Start of EXTRACTED ENTRIES

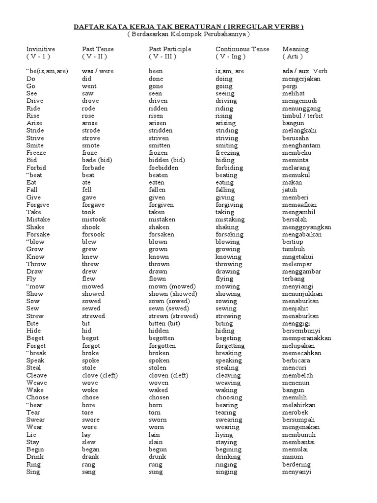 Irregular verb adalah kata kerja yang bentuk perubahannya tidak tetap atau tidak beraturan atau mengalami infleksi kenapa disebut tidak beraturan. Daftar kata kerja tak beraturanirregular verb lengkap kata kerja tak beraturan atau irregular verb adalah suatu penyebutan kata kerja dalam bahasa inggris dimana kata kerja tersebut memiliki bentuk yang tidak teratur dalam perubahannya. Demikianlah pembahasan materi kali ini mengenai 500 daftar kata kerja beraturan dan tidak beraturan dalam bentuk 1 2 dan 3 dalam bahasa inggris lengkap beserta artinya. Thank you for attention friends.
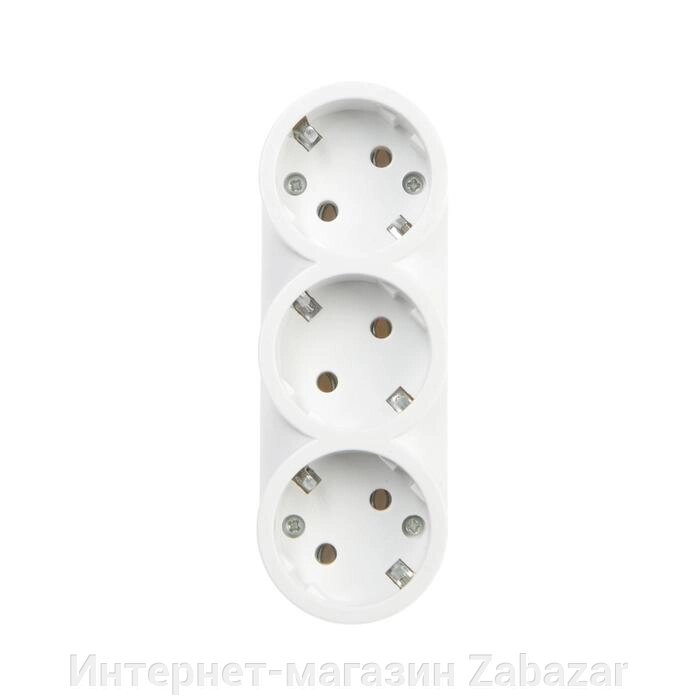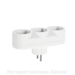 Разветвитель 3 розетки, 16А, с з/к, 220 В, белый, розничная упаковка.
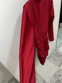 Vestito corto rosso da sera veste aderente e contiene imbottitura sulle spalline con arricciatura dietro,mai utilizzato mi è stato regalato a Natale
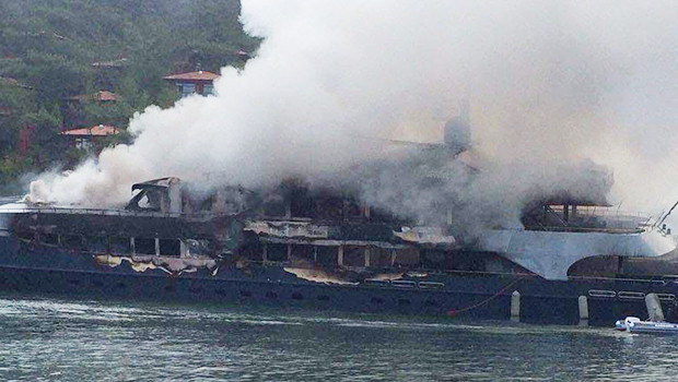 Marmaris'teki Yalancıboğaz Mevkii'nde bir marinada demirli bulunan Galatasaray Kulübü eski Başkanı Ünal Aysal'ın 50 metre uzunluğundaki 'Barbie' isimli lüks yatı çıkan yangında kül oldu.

End of EXTRACTED ENTRIES
Start of EXTRACTED ENTRIES

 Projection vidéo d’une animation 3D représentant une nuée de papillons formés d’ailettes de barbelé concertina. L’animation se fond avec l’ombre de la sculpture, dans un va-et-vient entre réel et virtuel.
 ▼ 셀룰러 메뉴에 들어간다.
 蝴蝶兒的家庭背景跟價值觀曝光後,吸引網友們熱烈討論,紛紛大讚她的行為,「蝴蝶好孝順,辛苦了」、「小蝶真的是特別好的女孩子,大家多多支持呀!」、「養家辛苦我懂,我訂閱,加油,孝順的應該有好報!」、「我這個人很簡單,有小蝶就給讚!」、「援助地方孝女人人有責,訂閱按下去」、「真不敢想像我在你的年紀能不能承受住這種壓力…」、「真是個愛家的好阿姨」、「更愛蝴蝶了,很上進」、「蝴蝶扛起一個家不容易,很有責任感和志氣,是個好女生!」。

End of EXTRACTED ENTRIES

• _ABOUT THIS TASK_
Working from the material above, retype exactly the lines from the one with "셀룰러 메뉴에 들어간다." through the one with "蝴蝶兒的家庭背景跟價值觀曝光", both included, and only those lines.

• _TASK ANSWER_
 ▼ 셀룰러 메뉴에 들어간다.
 蝴蝶兒的家庭背景跟價值觀曝光後,吸引網友們熱烈討論,紛紛大讚她的行為,「蝴蝶好孝順,辛苦了」、「小蝶真的是特別好的女孩子,大家多多支持呀!」、「養家辛苦我懂,我訂閱,加油,孝順的應該有好報!」、「我這個人很簡單,有小蝶就給讚!」、「援助地方孝女人人有責,訂閱按下去」、「真不敢想像我在你的年紀能不能承受住這種壓力…」、「真是個愛家的好阿姨」、「更愛蝴蝶了,很上進」、「蝴蝶扛起一個家不容易,很有責任感和志氣,是個好女生!」。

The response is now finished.